SUPPLIED MATERIAL
• • • • • • •

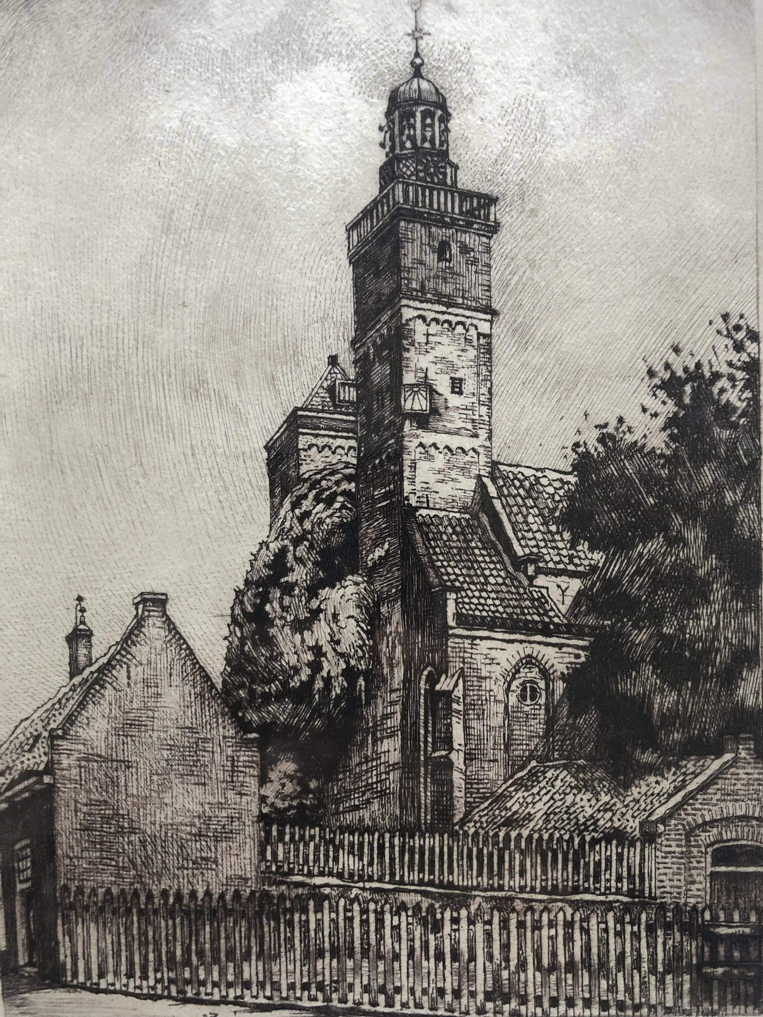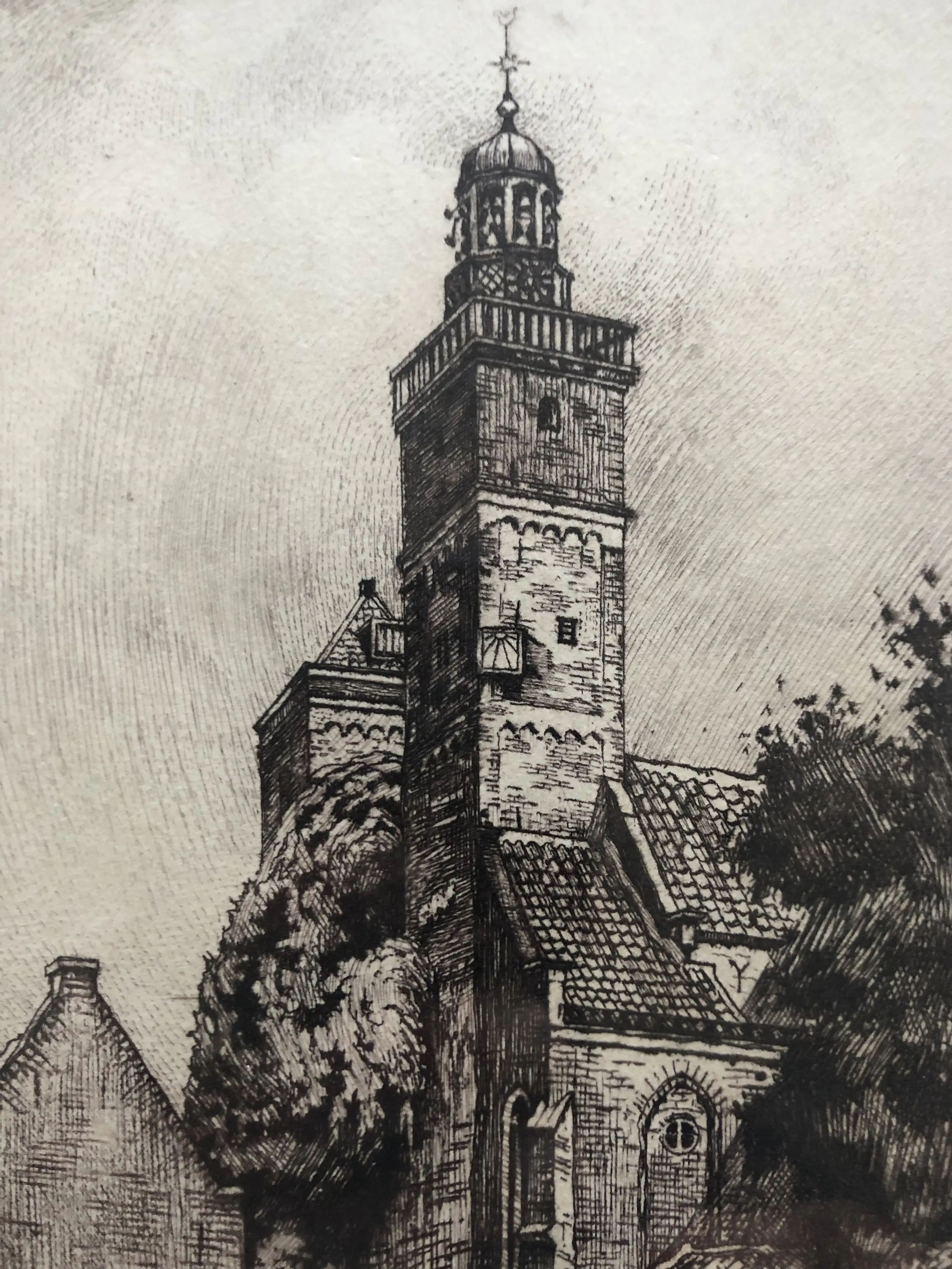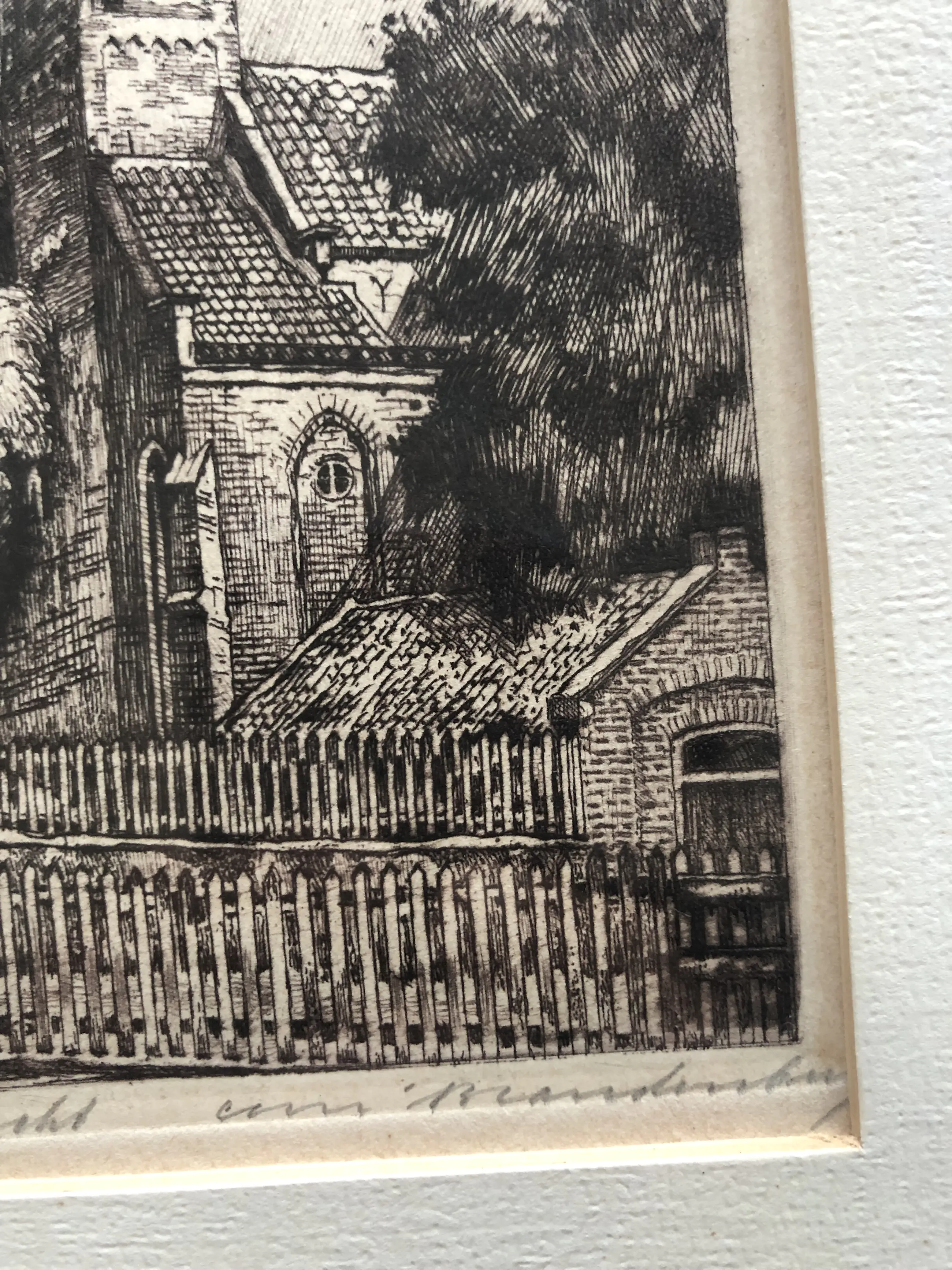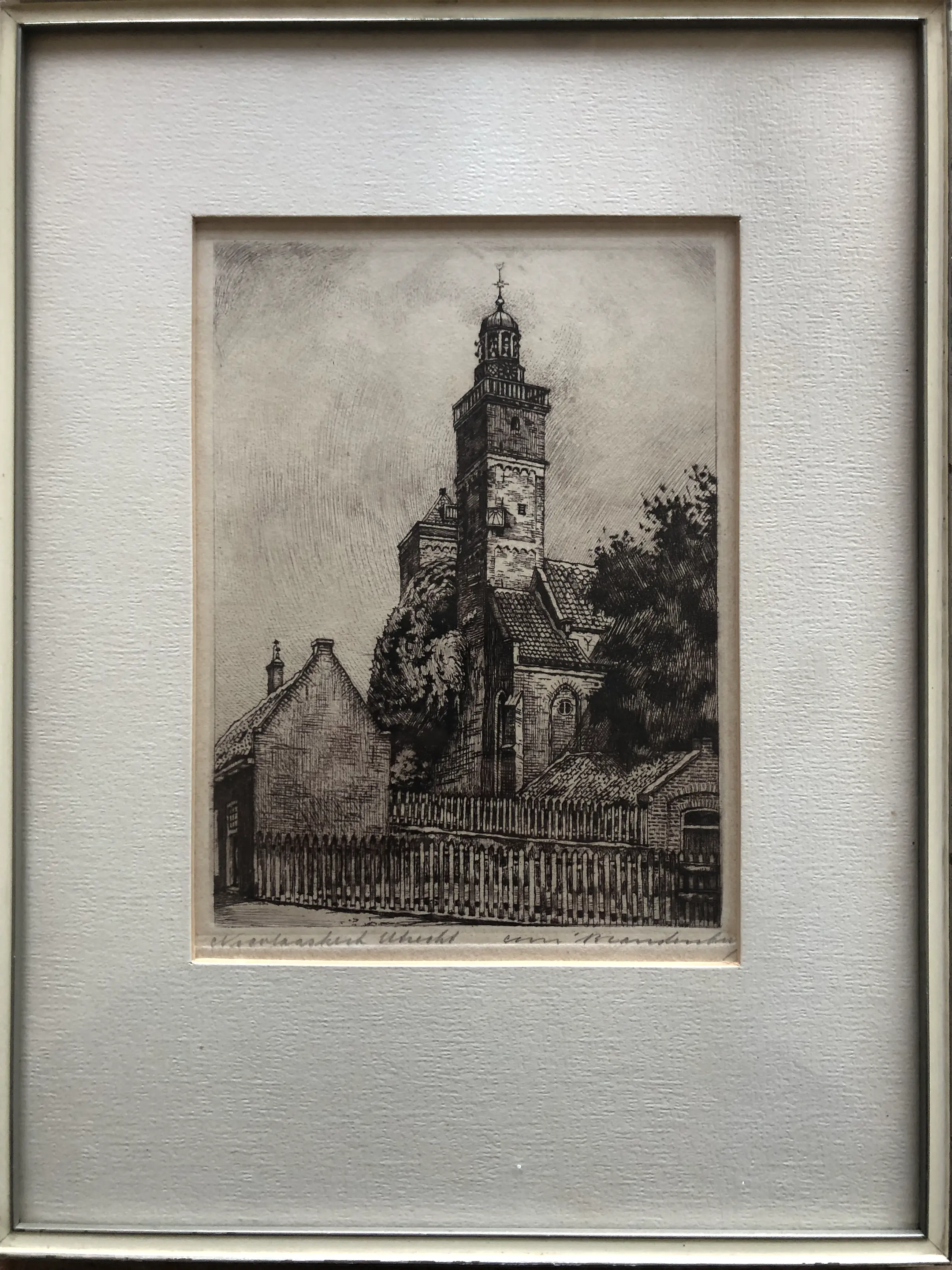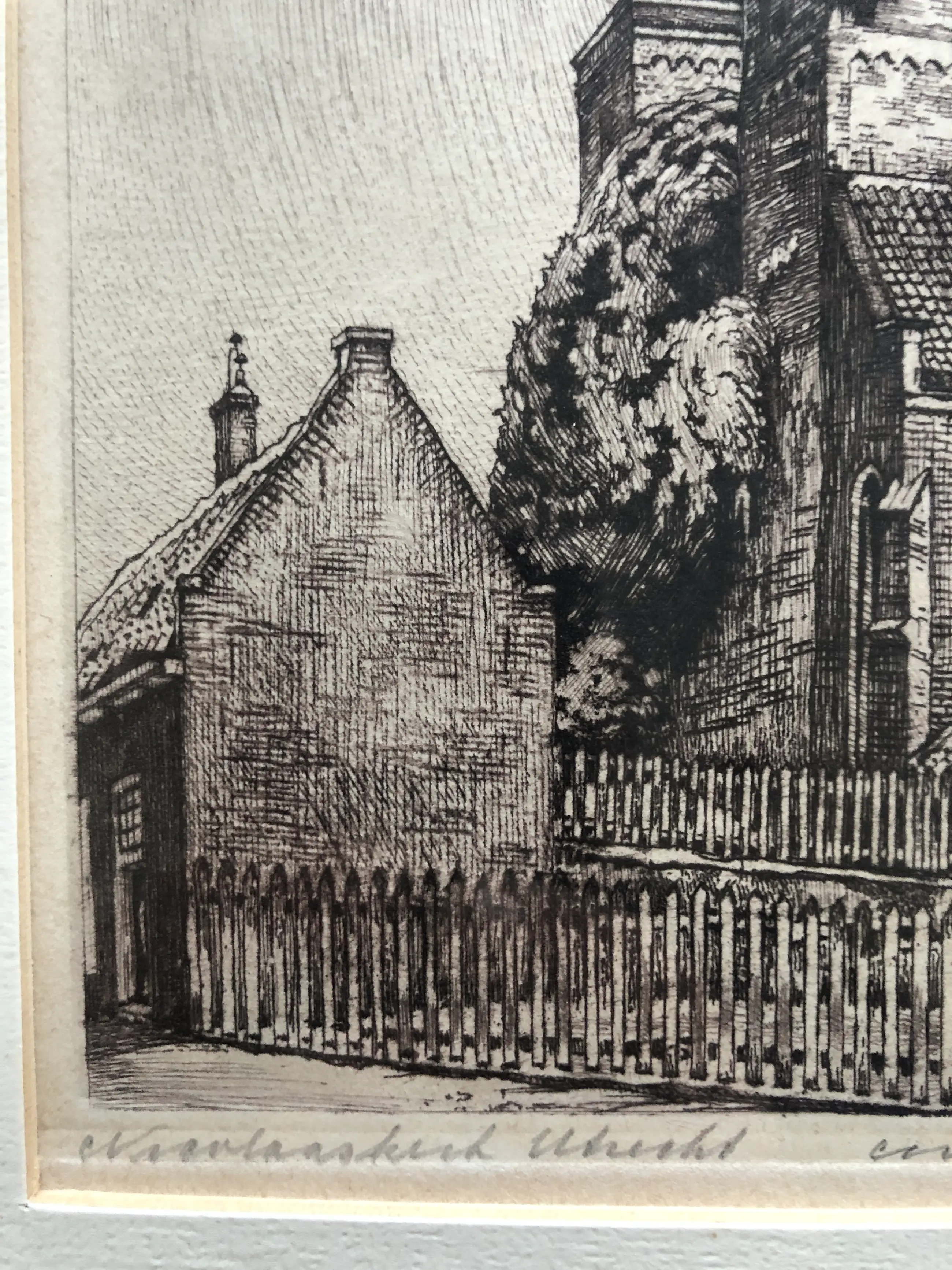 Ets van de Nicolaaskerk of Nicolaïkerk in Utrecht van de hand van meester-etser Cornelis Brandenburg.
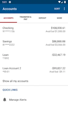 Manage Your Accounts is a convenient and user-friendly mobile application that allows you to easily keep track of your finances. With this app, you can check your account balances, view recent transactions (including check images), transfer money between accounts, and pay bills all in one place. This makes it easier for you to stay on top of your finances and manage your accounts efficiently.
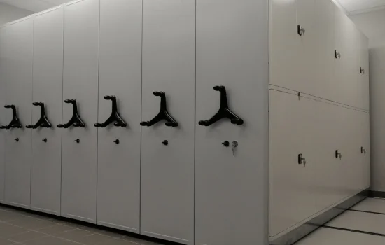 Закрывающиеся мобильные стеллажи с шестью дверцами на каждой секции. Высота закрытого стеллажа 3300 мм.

• • • • • • •

WORK TASK
The whole listing, minus its images, should be repeated exactly.

ANSWER FOR THIS EXERCISE
 Ets van de Nicolaaskerk of Nicolaïkerk in Utrecht van de hand van meester-etser Cornelis Brandenburg.
 Manage Your Accounts is a convenient and user-friendly mobile application that allows you to easily keep track of your finances. With this app, you can check your account balances, view recent transactions (including check images), transfer money between accounts, and pay bills all in one place. This makes it easier for you to stay on top of your finances and manage your accounts efficiently.
 Закрывающиеся мобильные стеллажи с шестью дверцами на каждой секции. Высота закрытого стеллажа 3300 мм.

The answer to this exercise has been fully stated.